Supplied material:
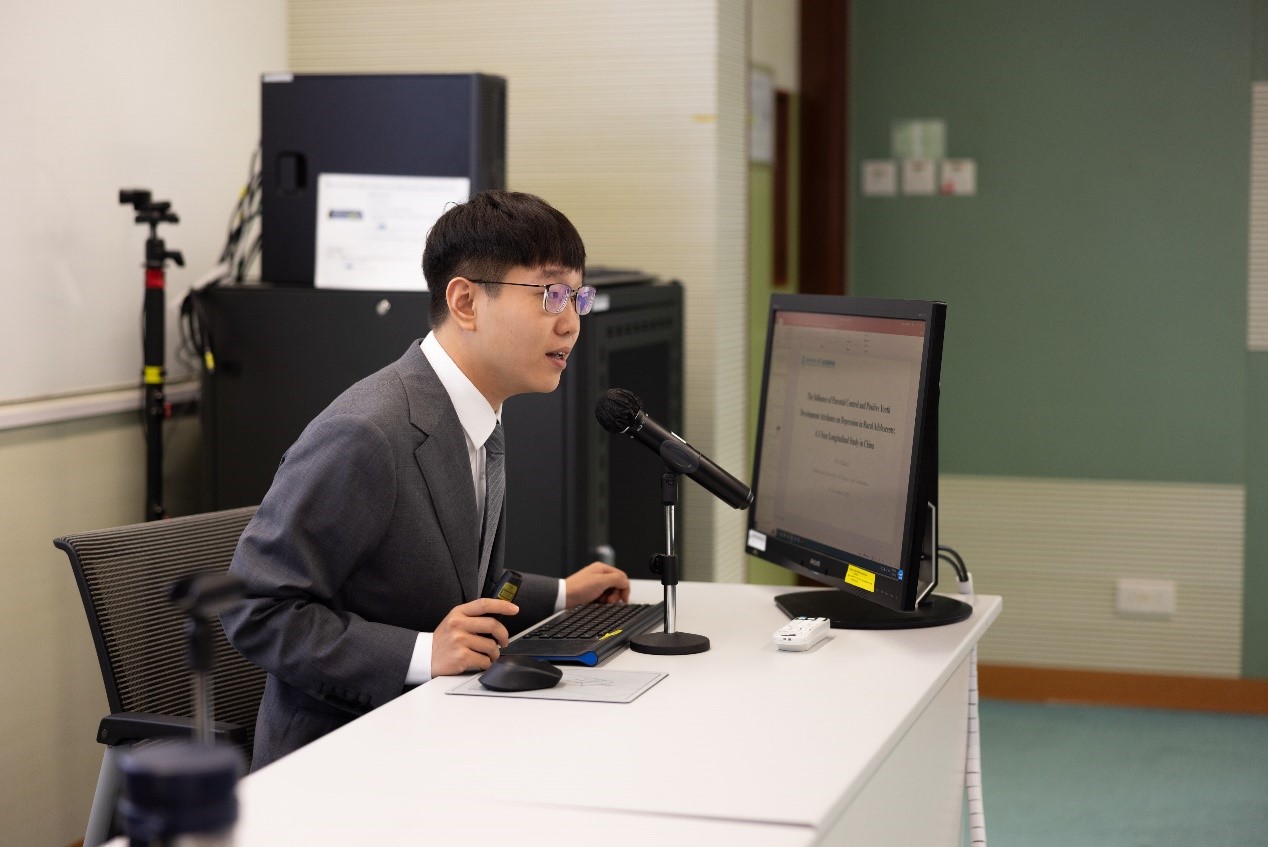 2023年11月23日上午,香港理工大学应用社会科学系举办了题为“Development of rural adolescences in mainland China”访问学生研讨会。研讨会由石丹理教授亲自主持,三位同学分别就《The effect of having a positive friend: A longitudinal network analysis of peer effects on positive youth development attributes》《The influence of parental control and positive youth development attributes on depression in rural adolescents: A 3-year longitudinal study in China》《The impact of family capital on positive youth development attributes of Chinese rural adolescents》进行了全英报告,介绍了他们研究的成果。报告反响热烈,香港理工大学师生积极提问交流,大家就数据收集、研究方法等进行了深入探讨,为三位同学下一步研究提出了宝贵的意见和建议。
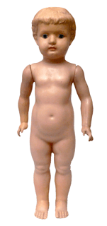 Bei mir ist diese Puppe männlich, ich habe sie aber auch schon in meist sehr weiten Kleidern gesehen. Obwohl man bis in die 20er Jahre hinein auch kleinen Jungen Röcke oder Kleider angezogen hat, gehe ich davon aus, dass es sich bei diesen Puppen dann um Puppenmädchen gehandelt hat. Das sorgfältig bemalte Gesicht und die Frisur überlassen die Geschlechtszuordnung der Besitzerin. Eindeutig ein großer Vorteil. So wurden Träume wirklich wahr.
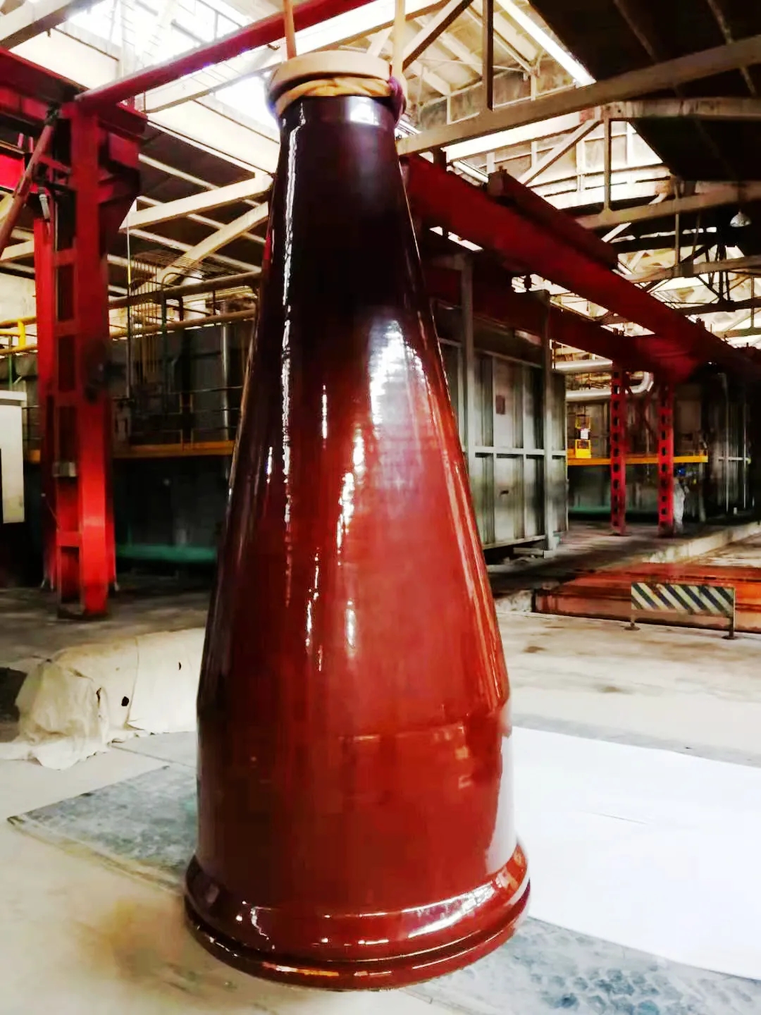 本次研制的2000kV變壓器電容套管將應(yīng)用于目前世界上電壓等級最高的試驗變壓器,對1100kV特高壓電氣設(shè)備產(chǎn)品進行各項嚴格的電氣性能試驗。這種試驗方法屬于國內(nèi)首次,相比常規(guī)產(chǎn)品,試驗要求及質(zhì)量控制更加苛刻。同時,該產(chǎn)品為超大尺寸、薄壁、錐度大、易變形的炮彈式結(jié)構(gòu),僅毛坯重量就接近8噸,整個制造過程采用濕法產(chǎn)線生產(chǎn),因突破了很多設(shè)備的極限,成型極其困難。在毛坯擠制、轉(zhuǎn)運、陰干、修坯、干燥、上釉、燒成、切割研磨各工序,均存在不同程度困難與挑戰(zhàn)。

Task requirements:
Write out each line again, exactly as it appears above, except for any picture.

Finished task:
 2023年11月23日上午,香港理工大学应用社会科学系举办了题为“Development of rural adolescences in mainland China”访问学生研讨会。研讨会由石丹理教授亲自主持,三位同学分别就《The effect of having a positive friend: A longitudinal network analysis of peer effects on positive youth development attributes》《The influence of parental control and positive youth development attributes on depression in rural adolescents: A 3-year longitudinal study in China》《The impact of family capital on positive youth development attributes of Chinese rural adolescents》进行了全英报告,介绍了他们研究的成果。报告反响热烈,香港理工大学师生积极提问交流,大家就数据收集、研究方法等进行了深入探讨,为三位同学下一步研究提出了宝贵的意见和建议。
 Bei mir ist diese Puppe männlich, ich habe sie aber auch schon in meist sehr weiten Kleidern gesehen. Obwohl man bis in die 20er Jahre hinein auch kleinen Jungen Röcke oder Kleider angezogen hat, gehe ich davon aus, dass es sich bei diesen Puppen dann um Puppenmädchen gehandelt hat. Das sorgfältig bemalte Gesicht und die Frisur überlassen die Geschlechtszuordnung der Besitzerin. Eindeutig ein großer Vorteil. So wurden Träume wirklich wahr.
 本次研制的2000kV變壓器電容套管將應(yīng)用于目前世界上電壓等級最高的試驗變壓器,對1100kV特高壓電氣設(shè)備產(chǎn)品進行各項嚴格的電氣性能試驗。這種試驗方法屬于國內(nèi)首次,相比常規(guī)產(chǎn)品,試驗要求及質(zhì)量控制更加苛刻。同時,該產(chǎn)品為超大尺寸、薄壁、錐度大、易變形的炮彈式結(jié)構(gòu),僅毛坯重量就接近8噸,整個制造過程采用濕法產(chǎn)線生產(chǎn),因突破了很多設(shè)備的極限,成型極其困難。在毛坯擠制、轉(zhuǎn)運、陰干、修坯、干燥、上釉、燒成、切割研磨各工序,均存在不同程度困難與挑戰(zhàn)。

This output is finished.